▶ **Work to complete**
When writing out the listing below, reproduce every word exactly and skip the pictures.

**********

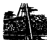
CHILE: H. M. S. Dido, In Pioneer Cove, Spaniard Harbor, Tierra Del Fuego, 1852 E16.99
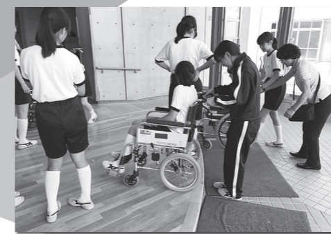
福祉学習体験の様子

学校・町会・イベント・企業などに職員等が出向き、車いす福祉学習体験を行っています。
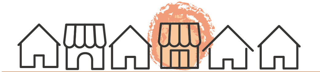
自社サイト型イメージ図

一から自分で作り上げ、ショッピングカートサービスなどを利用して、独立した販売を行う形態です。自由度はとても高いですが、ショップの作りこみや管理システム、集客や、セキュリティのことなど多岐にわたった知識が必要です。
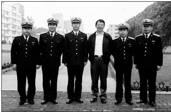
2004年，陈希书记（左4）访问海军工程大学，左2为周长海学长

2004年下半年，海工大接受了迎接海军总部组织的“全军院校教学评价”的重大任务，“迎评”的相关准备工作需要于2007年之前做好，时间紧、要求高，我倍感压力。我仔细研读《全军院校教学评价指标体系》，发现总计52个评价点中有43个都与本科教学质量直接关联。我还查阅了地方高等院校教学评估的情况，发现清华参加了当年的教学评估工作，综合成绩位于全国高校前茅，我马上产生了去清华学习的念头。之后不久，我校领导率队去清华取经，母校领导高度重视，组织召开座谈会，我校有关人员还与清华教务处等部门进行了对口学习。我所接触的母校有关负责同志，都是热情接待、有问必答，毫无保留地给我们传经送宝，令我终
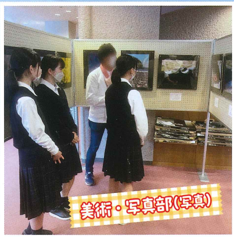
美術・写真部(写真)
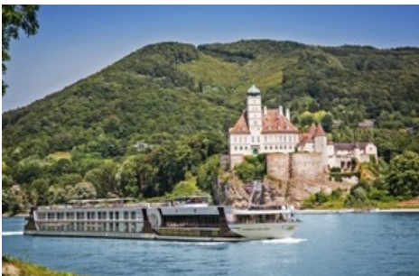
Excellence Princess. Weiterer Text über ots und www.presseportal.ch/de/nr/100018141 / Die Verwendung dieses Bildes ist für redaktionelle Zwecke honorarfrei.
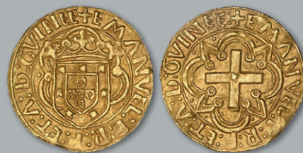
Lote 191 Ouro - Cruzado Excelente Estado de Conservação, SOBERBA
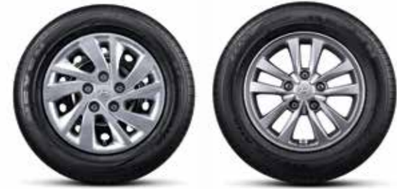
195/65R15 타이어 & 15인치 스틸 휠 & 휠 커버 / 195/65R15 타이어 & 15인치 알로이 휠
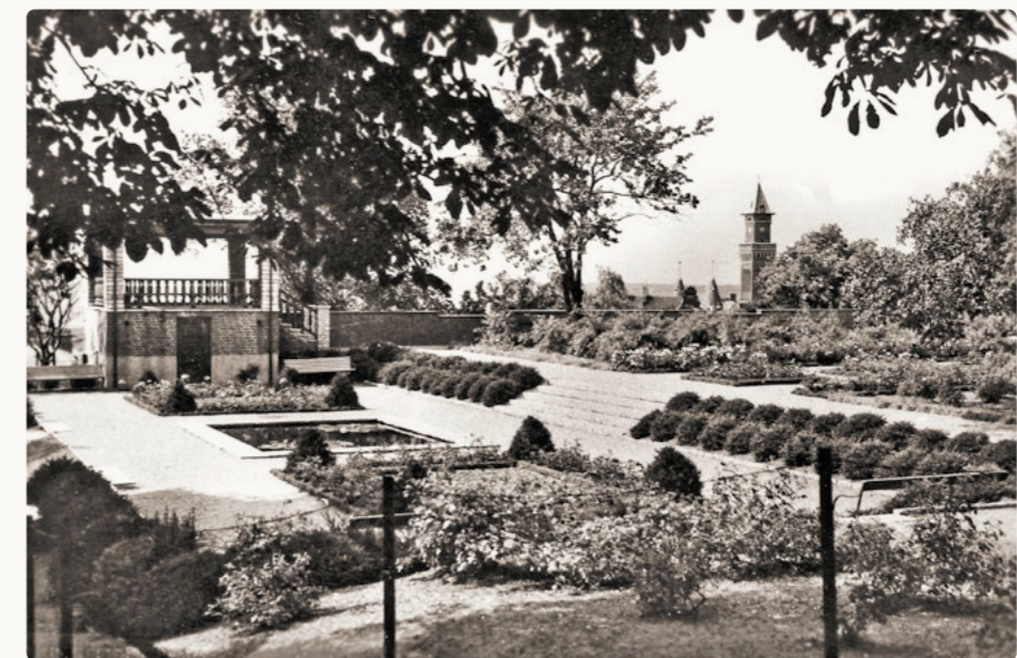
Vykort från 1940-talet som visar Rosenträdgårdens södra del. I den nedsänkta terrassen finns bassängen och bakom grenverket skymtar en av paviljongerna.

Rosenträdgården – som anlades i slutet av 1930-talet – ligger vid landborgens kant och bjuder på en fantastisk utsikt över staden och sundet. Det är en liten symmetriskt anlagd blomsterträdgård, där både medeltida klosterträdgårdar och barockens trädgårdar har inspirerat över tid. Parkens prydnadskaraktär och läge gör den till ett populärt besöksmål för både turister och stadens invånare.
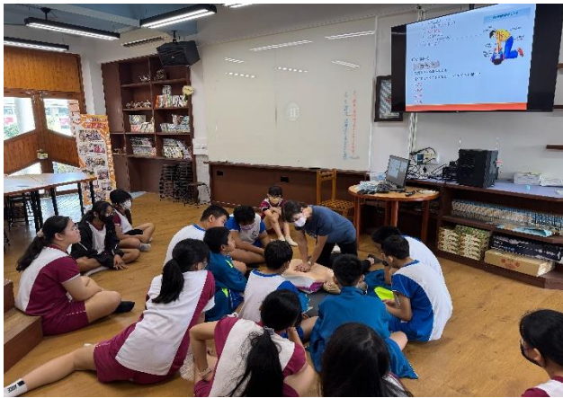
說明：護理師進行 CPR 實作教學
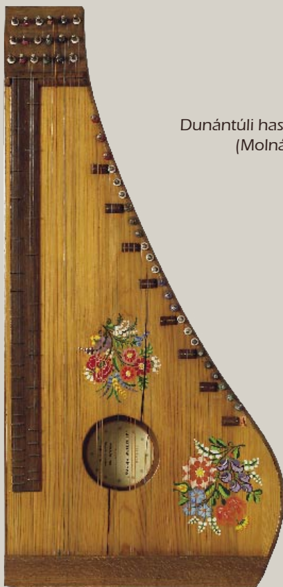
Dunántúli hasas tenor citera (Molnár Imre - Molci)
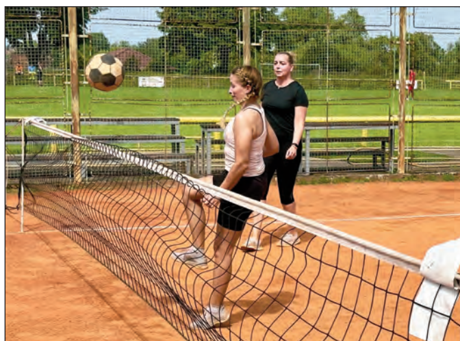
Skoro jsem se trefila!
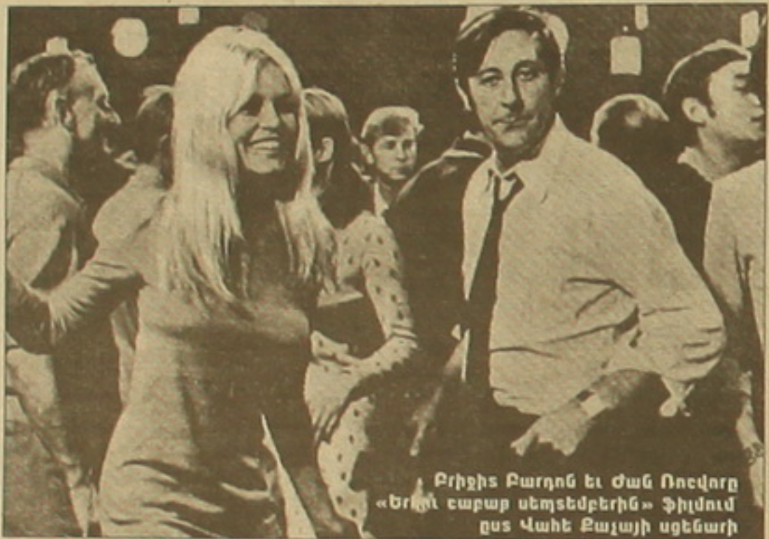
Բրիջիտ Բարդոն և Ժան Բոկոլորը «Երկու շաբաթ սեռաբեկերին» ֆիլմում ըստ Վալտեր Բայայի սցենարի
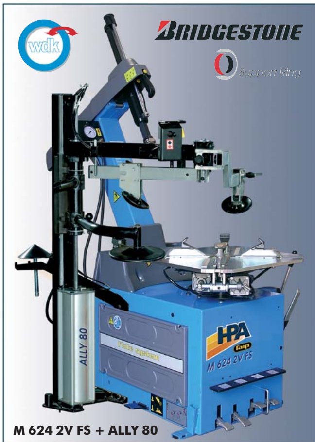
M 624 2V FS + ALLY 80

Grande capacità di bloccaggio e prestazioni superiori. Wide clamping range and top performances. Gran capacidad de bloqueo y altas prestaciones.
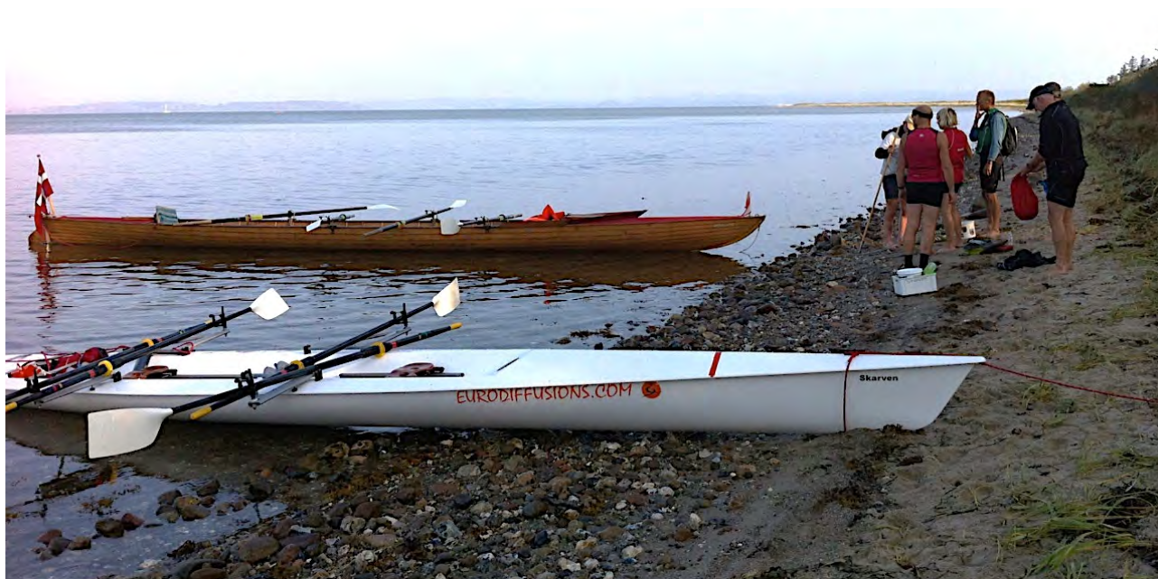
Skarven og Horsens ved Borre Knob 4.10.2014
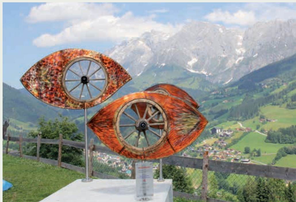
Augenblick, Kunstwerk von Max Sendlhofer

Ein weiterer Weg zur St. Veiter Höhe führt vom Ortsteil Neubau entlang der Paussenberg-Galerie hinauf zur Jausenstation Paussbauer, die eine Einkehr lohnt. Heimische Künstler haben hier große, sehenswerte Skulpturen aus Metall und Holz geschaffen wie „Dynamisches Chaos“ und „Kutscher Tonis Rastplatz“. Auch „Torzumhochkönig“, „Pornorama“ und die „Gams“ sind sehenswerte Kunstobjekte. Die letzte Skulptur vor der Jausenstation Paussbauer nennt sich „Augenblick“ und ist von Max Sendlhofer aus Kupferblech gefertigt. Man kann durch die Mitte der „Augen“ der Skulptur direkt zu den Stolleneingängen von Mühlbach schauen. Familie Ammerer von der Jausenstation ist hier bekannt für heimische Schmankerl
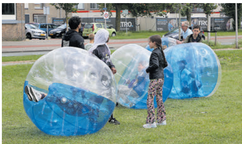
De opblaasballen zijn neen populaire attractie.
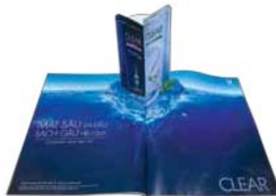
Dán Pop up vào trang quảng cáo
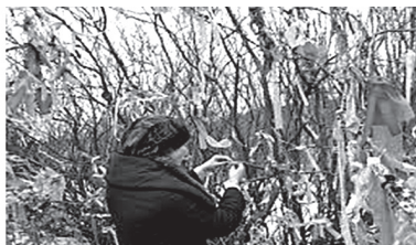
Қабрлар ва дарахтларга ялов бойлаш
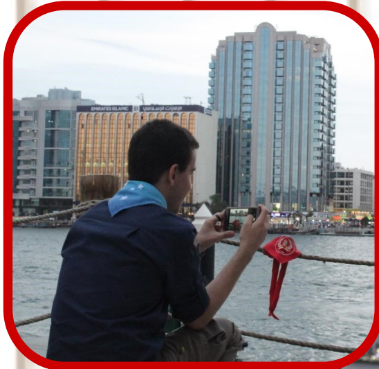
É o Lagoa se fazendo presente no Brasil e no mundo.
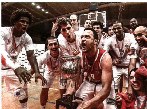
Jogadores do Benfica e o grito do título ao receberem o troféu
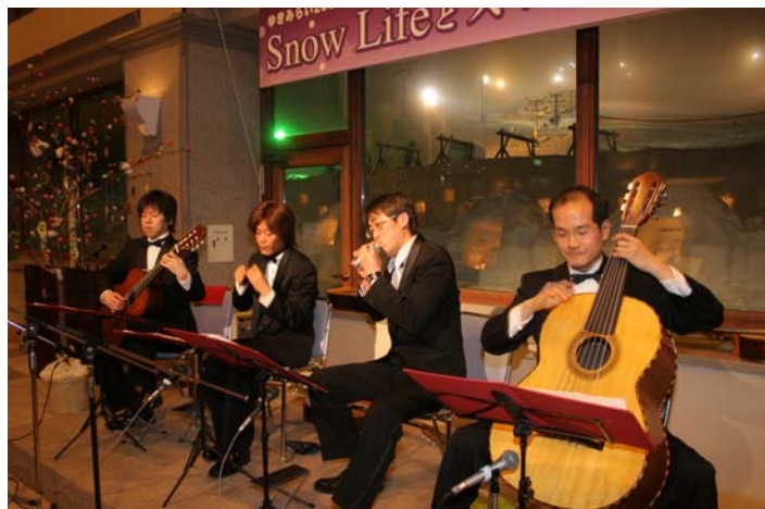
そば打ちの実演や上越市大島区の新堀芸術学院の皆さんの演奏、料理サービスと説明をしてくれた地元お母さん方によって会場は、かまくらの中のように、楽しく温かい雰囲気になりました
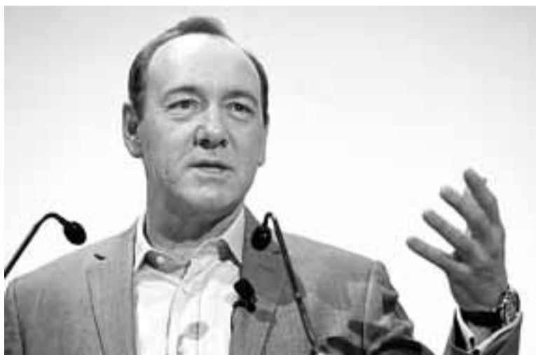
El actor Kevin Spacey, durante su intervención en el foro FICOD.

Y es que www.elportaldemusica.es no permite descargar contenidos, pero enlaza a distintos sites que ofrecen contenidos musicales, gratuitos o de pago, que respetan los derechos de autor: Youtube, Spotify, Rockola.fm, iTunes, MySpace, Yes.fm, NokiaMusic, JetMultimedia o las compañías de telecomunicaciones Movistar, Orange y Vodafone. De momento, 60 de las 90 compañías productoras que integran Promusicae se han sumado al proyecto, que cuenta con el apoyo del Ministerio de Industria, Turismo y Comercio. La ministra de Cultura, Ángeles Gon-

**********

▶ **Solution to this task**
CHILE: H. M. S. Dido, In Pioneer Cove, Spaniard Harbor, Tierra Del Fuego, 1852 E16.99
福祉学習体験の様子

学校・町会・イベント・企業などに職員等が出向き、車いす福祉学習体験を行っています。
自社サイト型イメージ図

一から自分で作り上げ、ショッピングカートサービスなどを利用して、独立した販売を行う形態です。自由度はとても高いですが、ショップの作りこみや管理システム、集客や、セキュリティのことなど多岐にわたった知識が必要です。
2004年，陈希书记（左4）访问海军工程大学，左2为周长海学长

2004年下半年，海工大接受了迎接海军总部组织的“全军院校教学评价”的重大任务，“迎评”的相关准备工作需要于2007年之前做好，时间紧、要求高，我倍感压力。我仔细研读《全军院校教学评价指标体系》，发现总计52个评价点中有43个都与本科教学质量直接关联。我还查阅了地方高等院校教学评估的情况，发现清华参加了当年的教学评估工作，综合成绩位于全国高校前茅，我马上产生了去清华学习的念头。之后不久，我校领导率队去清华取经，母校领导高度重视，组织召开座谈会，我校有关人员还与清华教务处等部门进行了对口学习。我所接触的母校有关负责同志，都是热情接待、有问必答，毫无保留地给我们传经送宝，令我终
美術・写真部(写真)
Excellence Princess. Weiterer Text über ots und www.presseportal.ch/de/nr/100018141 / Die Verwendung dieses Bildes ist für redaktionelle Zwecke honorarfrei.
Lote 191 Ouro - Cruzado Excelente Estado de Conservação, SOBERBA
195/65R15 타이어 & 15인치 스틸 휠 & 휠 커버 / 195/65R15 타이어 & 15인치 알로이 휠
Vykort från 1940-talet som visar Rosenträdgårdens södra del. I den nedsänkta terrassen finns bassängen och bakom grenverket skymtar en av paviljongerna.

Rosenträdgården – som anlades i slutet av 1930-talet – ligger vid landborgens kant och bjuder på en fantastisk utsikt över staden och sundet. Det är en liten symmetriskt anlagd blomsterträdgård, där både medeltida klosterträdgårdar och barockens trädgårdar har inspirerat över tid. Parkens prydnadskaraktär och läge gör den till ett populärt besöksmål för både turister och stadens invånare.
說明：護理師進行 CPR 實作教學
Dunántúli hasas tenor citera (Molnár Imre - Molci)
Skoro jsem se trefila!
Բրիջիտ Բարդոն և Ժան Բոկոլորը «Երկու շաբաթ սեռաբեկերին» ֆիլմում ըստ Վալտեր Բայայի սցենարի
M 624 2V FS + ALLY 80

Grande capacità di bloccaggio e prestazioni superiori. Wide clamping range and top performances. Gran capacidad de bloqueo y altas prestaciones.
Skarven og Horsens ved Borre Knob 4.10.2014
Augenblick, Kunstwerk von Max Sendlhofer

Ein weiterer Weg zur St. Veiter Höhe führt vom Ortsteil Neubau entlang der Paussenberg-Galerie hinauf zur Jausenstation Paussbauer, die eine Einkehr lohnt. Heimische Künstler haben hier große, sehenswerte Skulpturen aus Metall und Holz geschaffen wie „Dynamisches Chaos“ und „Kutscher Tonis Rastplatz“. Auch „Torzumhochkönig“, „Pornorama“ und die „Gams“ sind sehenswerte Kunstobjekte. Die letzte Skulptur vor der Jausenstation Paussbauer nennt sich „Augenblick“ und ist von Max Sendlhofer aus Kupferblech gefertigt. Man kann durch die Mitte der „Augen“ der Skulptur direkt zu den Stolleneingängen von Mühlbach schauen. Familie Ammerer von der Jausenstation ist hier bekannt für heimische Schmankerl
De opblaasballen zijn neen populaire attractie.
Dán Pop up vào trang quảng cáo
Қабрлар ва дарахтларга ялов бойлаш
É o Lagoa se fazendo presente no Brasil e no mundo.
Jogadores do Benfica e o grito do título ao receberem o troféu
そば打ちの実演や上越市大島区の新堀芸術学院の皆さんの演奏、料理サービスと説明をしてくれた地元お母さん方によって会場は、かまくらの中のように、楽しく温かい雰囲気になりました
El actor Kevin Spacey, durante su intervención en el foro FICOD.

Y es que www.elportaldemusica.es no permite descargar contenidos, pero enlaza a distintos sites que ofrecen contenidos musicales, gratuitos o de pago, que respetan los derechos de autor: Youtube, Spotify, Rockola.fm, iTunes, MySpace, Yes.fm, NokiaMusic, JetMultimedia o las compañías de telecomunicaciones Movistar, Orange y Vodafone. De momento, 60 de las 90 compañías productoras que integran Promusicae se han sumado al proyecto, que cuenta con el apoyo del Ministerio de Industria, Turismo y Comercio. La ministra de Cultura, Ángeles Gon-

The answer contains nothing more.